Jemperli arrives just as accelerated approvals face a grilling

With yesterday’s green light for Glaxosmithkline’s dostarlimab, some five months late owing to Covid-19 travel restrictions, the industry has its seventh US-approved anti-PD-(L)1 drug. The initial use, second-line mismatch repair-deficient endometrial cancer, is a small niche, and Merck & Co’s Keytruda can already be given for second-line MSI-high/mismatch repair-deficient cancers – irrespective of tumour type. Immediate winners are Roche, whose Ventana MMR RxDx companion diagnostic is concurrently approved, and Anaptysbio, which scored a $20m milestone payment; Glaxo investors might now wonder how long it will be before dostarlimab, now branded Jemperli, generates the cash flow to cover the milestone. Evaluate Pharma sellside consensus sees Jemperli revenues rising from an anaemic $37m this year to $546m in 2026. The conditional approval came five days before a US adcom seeking to scrutinise the ongoing accelerated approvals of anti-PD-(L)1 drugs whose confirmatory studies have failed.
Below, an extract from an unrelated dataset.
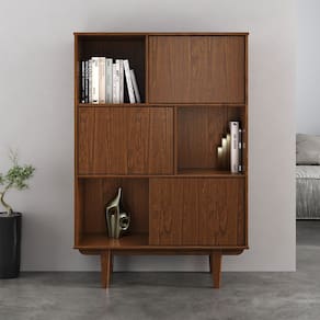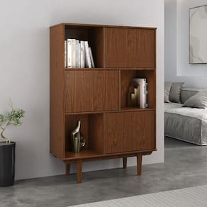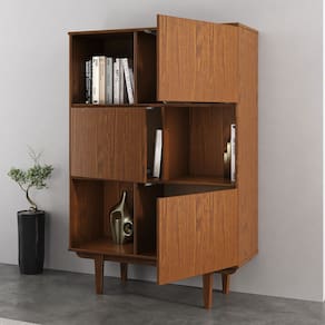 Com design assimétrico e estrutura marcada por linhas limpas, a Estante 3 Portas e 3 Nichos Cor Castanho Madeira Maciça de Pinus Simona imprime sofisticação e leveza ao ambiente. Inspirada no estilo escandinavo, ela combina nichos abertos e Portas fechadas em uma composição funcional, perfeita para organizar com elegância.

As a just-published report from Evaluate Vantage reveals, this conditional pathway has found particular favour with anti-PD-(L)1 drugs, with Keytruda alone having 18 accelerated approvals to its name, 11 of which remain unconfirmed. Jemperli plus chemo is in Ruby, a controlled phase 3 endometrial cancer study that might be used to confirm yesterday’s approval.